Балет Эйфмана. "Дон Кихот". Дон Кихот - Александр Рачинский. Фото Нины Аловерт |
---|
Нынешний театральный сезон для Эйфмана - юбилейный: его театру исполнилось 25 лет. Он создал его в 1977 году, 30-ти лет от роду, под эгидой Ленконцерта. Этот шаг стал судьбоносным не только в биографии самого Эйфмана, но и русского, и - теперь уже можно об этом говорить - мирового балета. Он свидетельствовал, помимо прочего, о безумной смелости молодого предпринимателя в стране, где частная инициатива была не только не поощряема, но наказуема. В чем он сам имел возможность убедиться. Друзья называли Эйфмана "Дон Кихотом". Эта кличка, наверно, вспомнилась ему, когда он в 1994 году впервые поставил своего "Дон Кихота". Этот спектакль в новой редакции сейчас привезен Нью-Йорк, и еще в четыре города. Американская география гастролей театра расширяется. В последние гастроли художественный руководитель включил пять спектаклей, из которых два - "Дон Кихот" и "Пиноккио" - премьерные. Они входят в широкую программу празднования юбилея театра, начавшуюся еще летом прошлого года, и проходившего на сценах Мариинского и Александринского театров в Санкт-Петербурге, театра Станиславского и Немировича-Данченко и Большого в Москве.

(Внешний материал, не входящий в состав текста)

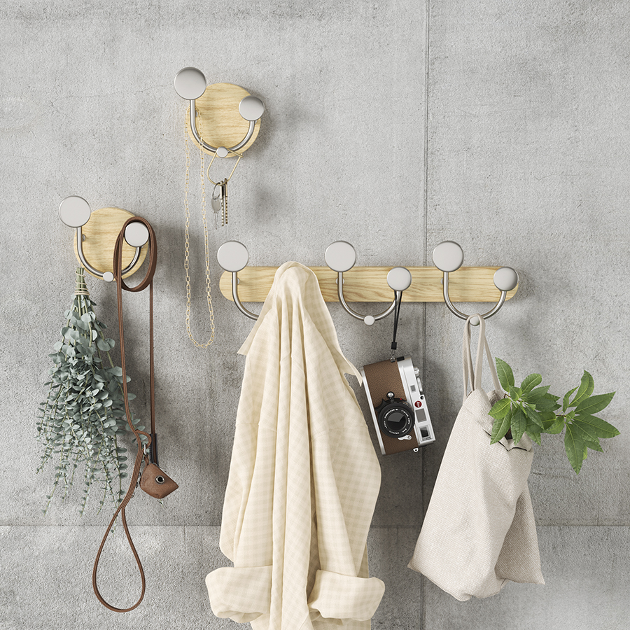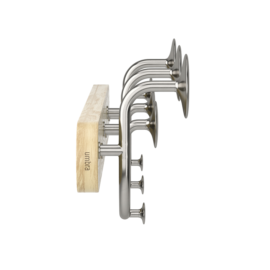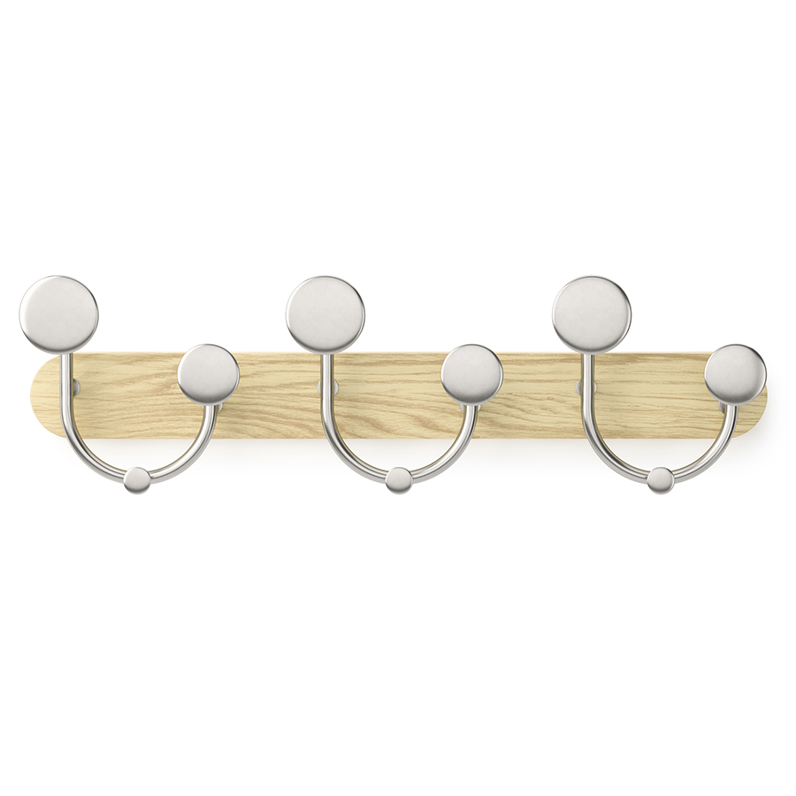 Материалы: алюминий, каучуковое дерево, ясень. Размеры: 43х8х13 см. Максимальная нагрузка на 1 крючок: 2,3 кг. Цвет: натуральное дерево/никель.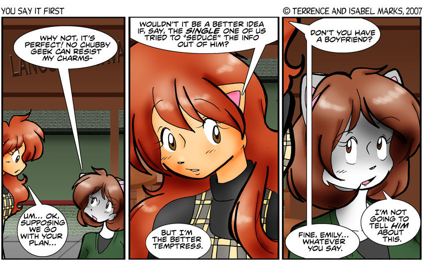 Note that Jake doesn't turn to face Emily. You'd think a potential paying customer would get his full attention but, well, Jake

На пресс-конференции в офисе "Ардани Артист" Эйфман, на мой вопрос, почему он до сих пор не поставил "Пиковую даму", признался, что он не берет в работу уже ранее кем-то поставленные балеты. - А как же "Дон Кихот"?! - "Дон Кихот" - исключение, которое подтверждает правило" - улыбнулся Эйфман.
У него была вполне благополучная карьера: никто, кроме родителей в детстве всерьез не чинил препятствий его призванию. Это потом, когда его индивидуальность стала слишком уж выламываться из дозволенных рамок, власти стали его настойчиво выдворять из Советского Союза. Он не поддавался. Он не хотел уезжать. Даже на первые заграничные гастроли театра не поехал, опасаясь, что его не впустят назад. В 13 лет он поставил со своими одноклассниками свой первый балет, в 1966 поступил на хореографическое отделение Ленинградской консерватории; в 1970 стал штатным хореографом Вагановской академии танца, одновременно осуществляя постановки в Кировском, Малом оперном, на телевидении и для балета на льду. Ему было всего 24, выглядел он мальчишкой и для солидности отпустил бородку и усы. Уже тогда об его постановках "Икарус" "Гаяне" и "Жар птица" заговорил балетный мир.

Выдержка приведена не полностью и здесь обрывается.